- Film poster
- Directed by: Adam Benzine
- Written by: Adam Benzine
- Produced by: Adam Benzine
- Edited by: Tiffany Beaudin
- Music by: Joel Goodman
- Production company: Jet Black Iris
- Release date: October 27, 2020 (internet);
- Running time: 59 minutes
- Country: Canada
- Language: English

= The Curve (2020 film) =

2020 documentary film by Adam Benzine

The Curve is a 2020 Canadian documentary film written, directed, and produced by Adam Benzine. It is about the United States' response to the COVID-19 pandemic. It was released on the internet on October 27, 2020, a week before the United States presidential election.

==Production==
According to Benzine, the production was moderately funded and he ran out of cash. He launched a Kickstarter campaign to help fund the film and it was successful.

==Reception==
Chris Knight of the National Post gave the film four out of five stars and wrote, "Benzine's film is a fantastic primer on recent events, though its short running time leaves several key issues – the long-term lack of pandemic preparedness over multiple administrations, the link between COVID-19 deaths and poor, Black communities – feeling underexplored.
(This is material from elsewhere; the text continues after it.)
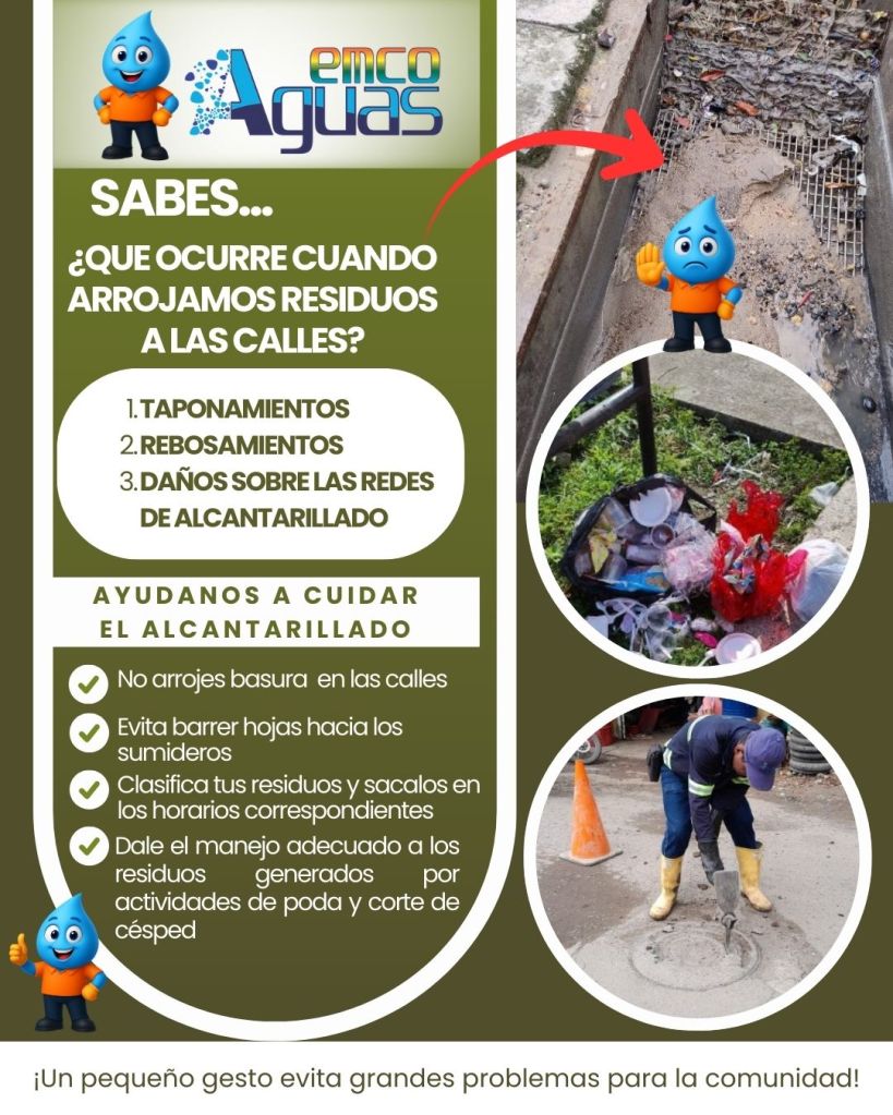 Cuando arrojamos basura🪰, grasas o materiales indebidos a las alcantarillas, se generan taponamientos 🚨y rebosamientos que afectan la salud🤕, el ambiente y la calidad de vida de todos.

And of course, the unfinished nature of the pandemic means it ends somewhat abruptly. But as a snapshot of a moment in history, it can't be beat."

Norman Wilner of NOW gave the film a positive review, writing, "It doesn't just present the Trump administration's disastrous incompetence in the face of the novel coronavirus, but digs into the reasons for that incompetence, both ideologically and strategically."